Records excerpted from a collection:
[Start of section]
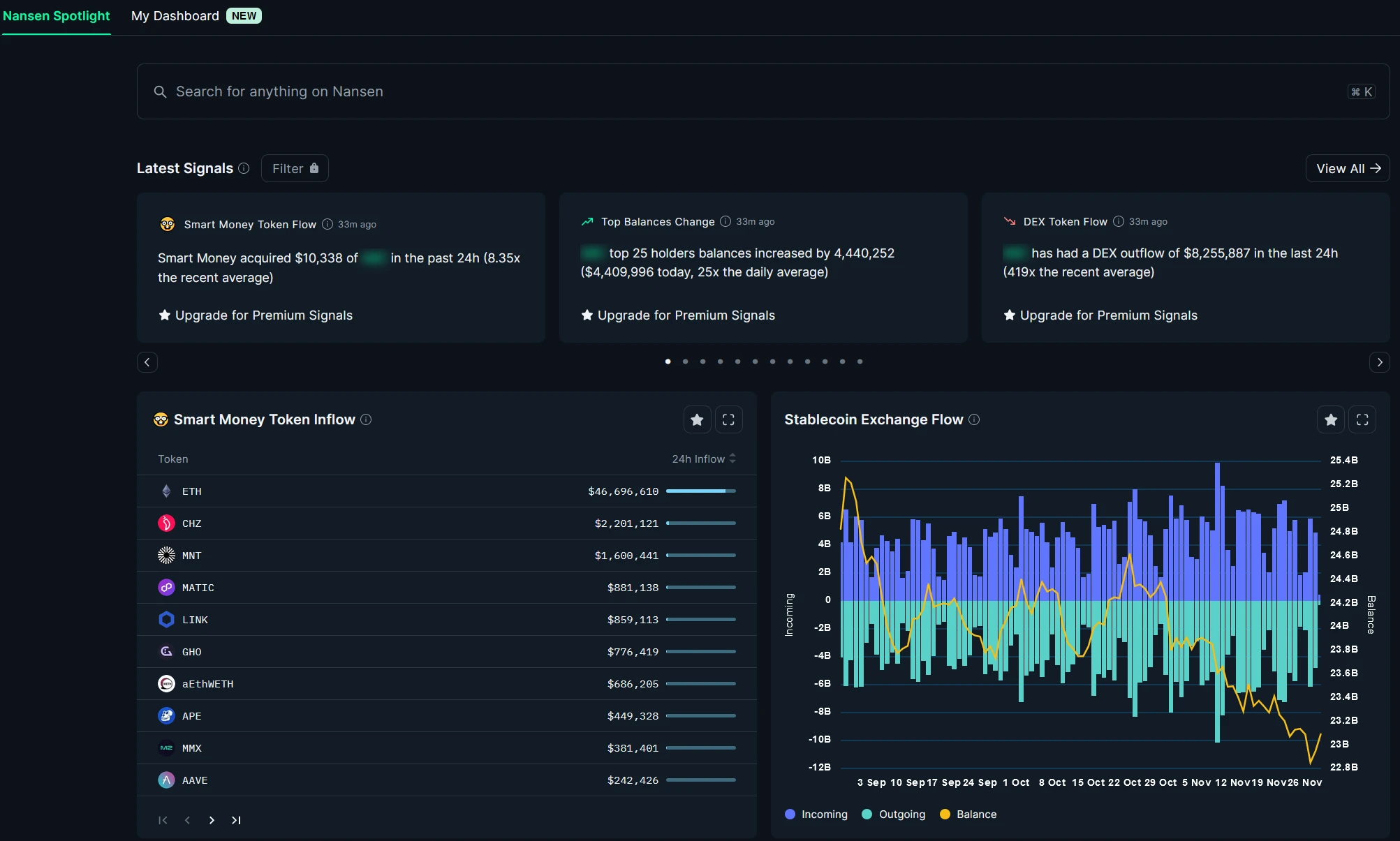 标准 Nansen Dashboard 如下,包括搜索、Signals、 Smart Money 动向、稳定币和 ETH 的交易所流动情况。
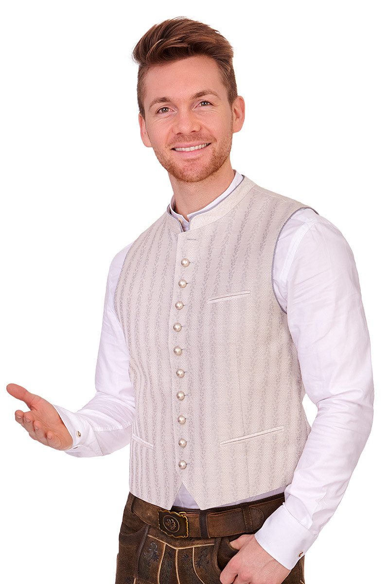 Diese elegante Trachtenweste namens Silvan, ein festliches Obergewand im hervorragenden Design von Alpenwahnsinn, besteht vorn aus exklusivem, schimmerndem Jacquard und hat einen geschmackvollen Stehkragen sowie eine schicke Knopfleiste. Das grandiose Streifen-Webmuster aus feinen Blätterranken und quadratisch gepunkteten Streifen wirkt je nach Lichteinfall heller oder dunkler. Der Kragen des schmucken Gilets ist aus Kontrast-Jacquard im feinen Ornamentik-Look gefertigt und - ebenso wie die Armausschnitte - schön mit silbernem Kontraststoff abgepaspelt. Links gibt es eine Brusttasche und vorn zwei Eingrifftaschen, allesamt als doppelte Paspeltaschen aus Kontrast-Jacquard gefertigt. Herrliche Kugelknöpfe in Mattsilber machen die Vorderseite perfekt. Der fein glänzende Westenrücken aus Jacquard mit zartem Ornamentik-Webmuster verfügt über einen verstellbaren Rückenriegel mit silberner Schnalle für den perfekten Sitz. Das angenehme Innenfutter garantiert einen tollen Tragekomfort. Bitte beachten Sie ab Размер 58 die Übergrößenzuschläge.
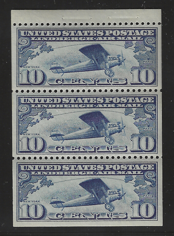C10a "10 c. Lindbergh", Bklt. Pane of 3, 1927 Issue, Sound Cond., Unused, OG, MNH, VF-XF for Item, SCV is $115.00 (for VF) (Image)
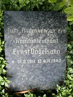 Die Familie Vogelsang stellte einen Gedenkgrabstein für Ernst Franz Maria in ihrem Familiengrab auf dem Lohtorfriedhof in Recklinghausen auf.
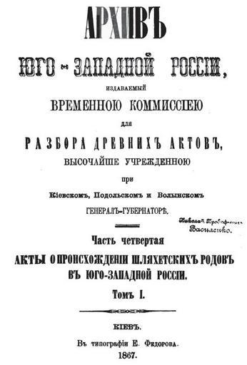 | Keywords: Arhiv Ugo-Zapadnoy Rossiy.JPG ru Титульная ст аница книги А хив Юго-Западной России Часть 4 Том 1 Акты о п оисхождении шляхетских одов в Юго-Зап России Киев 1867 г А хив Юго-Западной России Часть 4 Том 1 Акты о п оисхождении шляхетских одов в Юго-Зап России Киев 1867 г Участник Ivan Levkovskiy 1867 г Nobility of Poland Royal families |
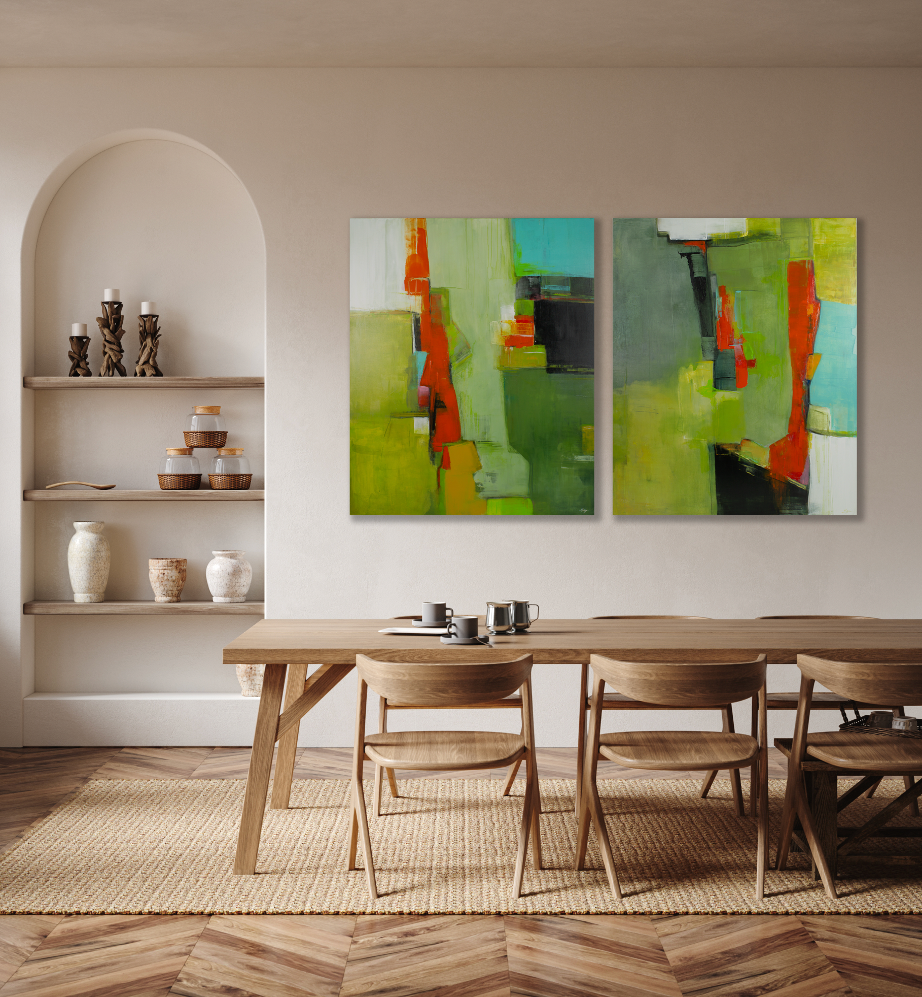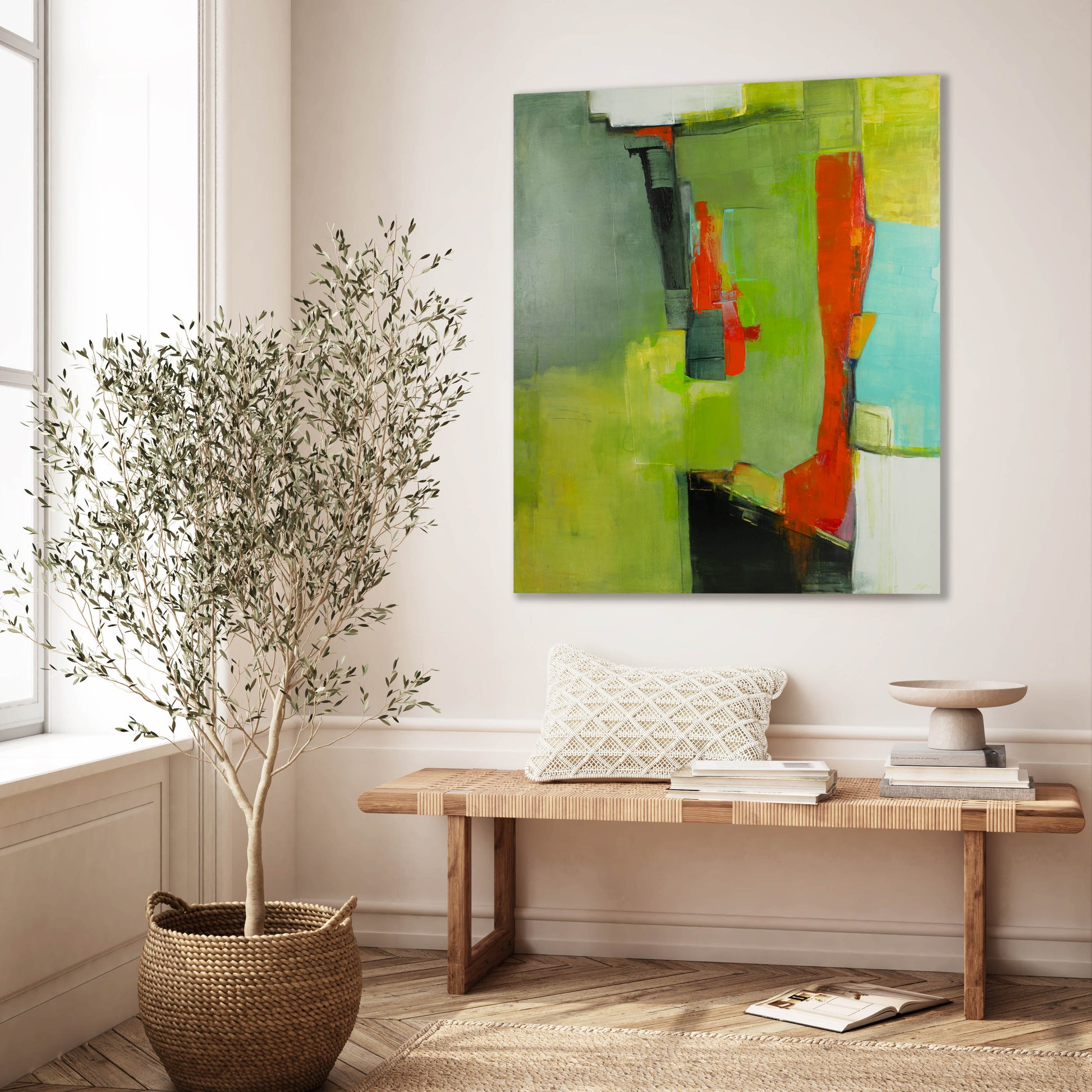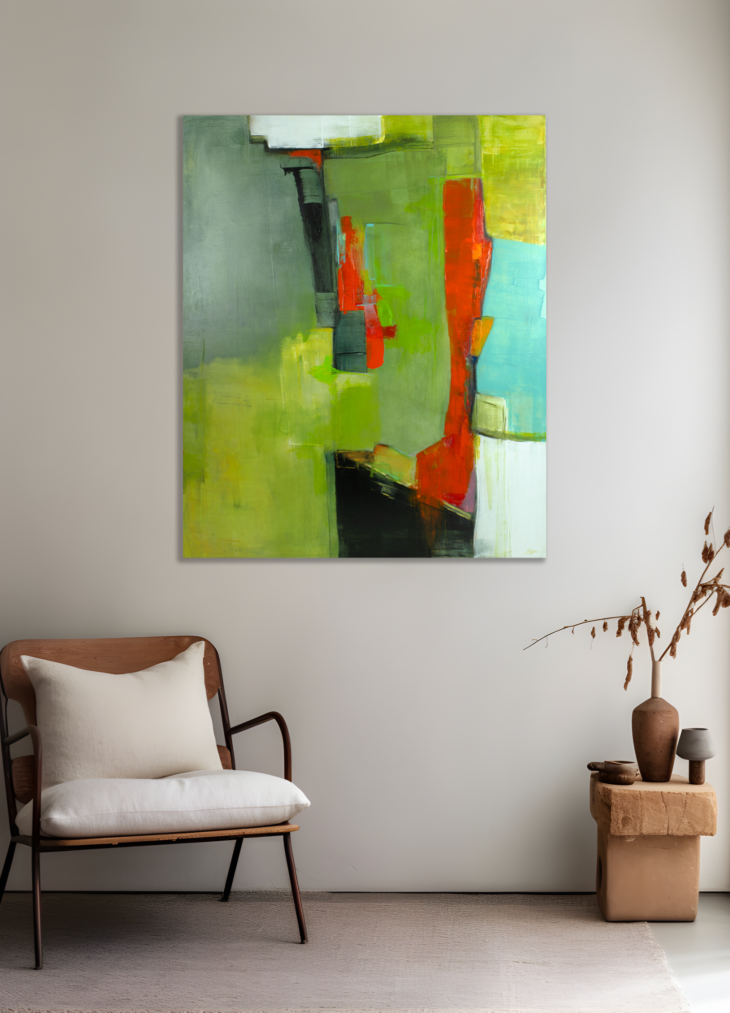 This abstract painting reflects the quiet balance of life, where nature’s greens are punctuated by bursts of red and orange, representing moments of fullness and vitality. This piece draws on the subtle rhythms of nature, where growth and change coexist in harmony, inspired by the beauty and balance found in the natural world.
[End of section]
Across all the lines above, repeat the wording exactly and omit the pictures.

 标准 Nansen Dashboard 如下,包括搜索、Signals、 Smart Money 动向、稳定币和 ETH 的交易所流动情况。
 Diese elegante Trachtenweste namens Silvan, ein festliches Obergewand im hervorragenden Design von Alpenwahnsinn, besteht vorn aus exklusivem, schimmerndem Jacquard und hat einen geschmackvollen Stehkragen sowie eine schicke Knopfleiste. Das grandiose Streifen-Webmuster aus feinen Blätterranken und quadratisch gepunkteten Streifen wirkt je nach Lichteinfall heller oder dunkler. Der Kragen des schmucken Gilets ist aus Kontrast-Jacquard im feinen Ornamentik-Look gefertigt und - ebenso wie die Armausschnitte - schön mit silbernem Kontraststoff abgepaspelt. Links gibt es eine Brusttasche und vorn zwei Eingrifftaschen, allesamt als doppelte Paspeltaschen aus Kontrast-Jacquard gefertigt. Herrliche Kugelknöpfe in Mattsilber machen die Vorderseite perfekt. Der fein glänzende Westenrücken aus Jacquard mit zartem Ornamentik-Webmuster verfügt über einen verstellbaren Rückenriegel mit silberner Schnalle für den perfekten Sitz. Das angenehme Innenfutter garantiert einen tollen Tragekomfort. Bitte beachten Sie ab Размер 58 die Übergrößenzuschläge.
C10a "10 c. Lindbergh", Bklt. Pane of 3, 1927 Issue, Sound Cond., Unused, OG, MNH, VF-XF for Item, SCV is $115.00 (for VF) (Image)
 Die Familie Vogelsang stellte einen Gedenkgrabstein für Ernst Franz Maria in ihrem Familiengrab auf dem Lohtorfriedhof in Recklinghausen auf.
 | Keywords: Arhiv Ugo-Zapadnoy Rossiy.JPG ru Титульная ст аница книги А хив Юго-Западной России Часть 4 Том 1 Акты о п оисхождении шляхетских одов в Юго-Зап России Киев 1867 г А хив Юго-Западной России Часть 4 Том 1 Акты о п оисхождении шляхетских одов в Юго-Зап России Киев 1867 г Участник Ivan Levkovskiy 1867 г Nobility of Poland Royal families |
 This abstract painting reflects the quiet balance of life, where nature’s greens are punctuated by bursts of red and orange, representing moments of fullness and vitality. This piece draws on the subtle rhythms of nature, where growth and change coexist in harmony, inspired by the beauty and balance found in the natural world.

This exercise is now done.